RG: Yeah, it’s really difficult. It’s a big investment, so you have to be a brand with a certain financial power because we are talking about millions of investments. If you are a brand that sells $20 million of watches a year, to invest 2-3 million is impossible. We know that from when we started with Hublot because we were doing $25 million in 2004. To develop a movement even at that time, we couldn’t do it, because it was too much of an investment. So, step by step, that’s why building the manufacture is important. With sapphire, we decided to really take the risk, invest the necessary amounts in improving the manufacturing process and be able to produce not one watch or 10 watches, or 20 watches, but hundreds of watches with sapphire cases.

Hublot enjoys many fruitful partnerships, like with Ferrari, with who they reached a true synergy
Hublot enjoys many fruitful partnerships, like with Ferrari, with who they reached a true synergy

HT: You’re only the third CEO of Hublot in the past forty years, correct?

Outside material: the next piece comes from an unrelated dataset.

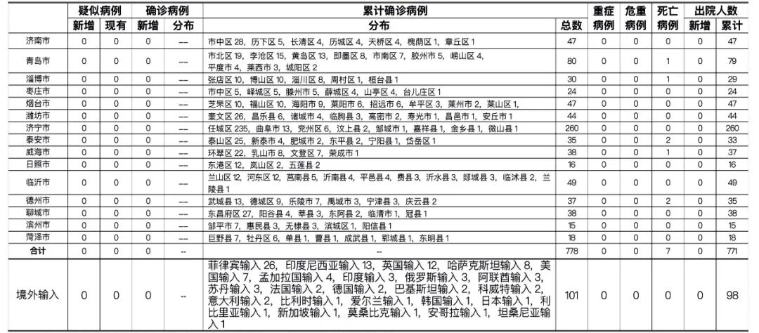 山东无新增本地疑似病例、确诊病例。累计报告确诊病例778例,死亡7例,治愈出院771例。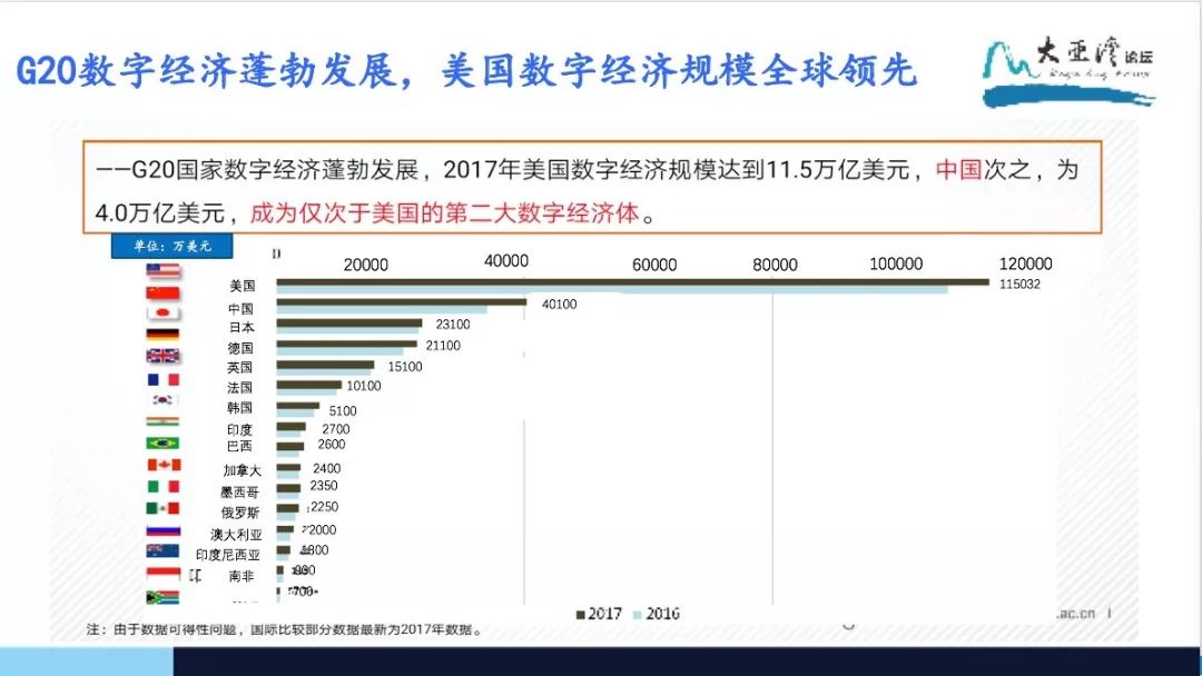 现在数字经济时代已经不像过去,传统的车间今天生产,明天才能结算出报表,才知道从业状况怎么样。现在是当天就要知道经营状况,工业互联网就是让我们第一时间了解生产制造现状。它会帮你把控相关的设备参数,制造出特定的产品,并倒推找到制造过程的关键参数。我们通过锁定这些参数,设备的参数不对时就不再生产,这就是不制造不良品。不制造不良品,使得不良率、成本减少,利润增加,这叫数字经济。看整个数字经济带来的GDP的数据,比如美国。2017年美国带来的是11.5万亿美元的GDP,而中国是4万亿。这就是为什么国家多次强调要助推加推数字经济的发展,加工传统产业的升级。

RG: That’s a good question. In the 24 years before Mr. Biver, I think it was only Carlo Crocco, the founder of the brand. I think so, yeah. That’s it, I had never thought about it like this, so that’s good.

HT: You have been a key player with Hublot for so many years now, what is your favorite part in Hublot history?

RG: The creation of the Big Bang. You know, that was really an incredible challenge and an incredible achievement. Also, the brand was more or less sleeping when Jean-Claude Biver and I got on board and to bring it to new heights, and to sell it to LVMH in 2008 only four years later, that was an incredible achievement. I would say, as an experience, a professional experience, it was also very interesting and motivating.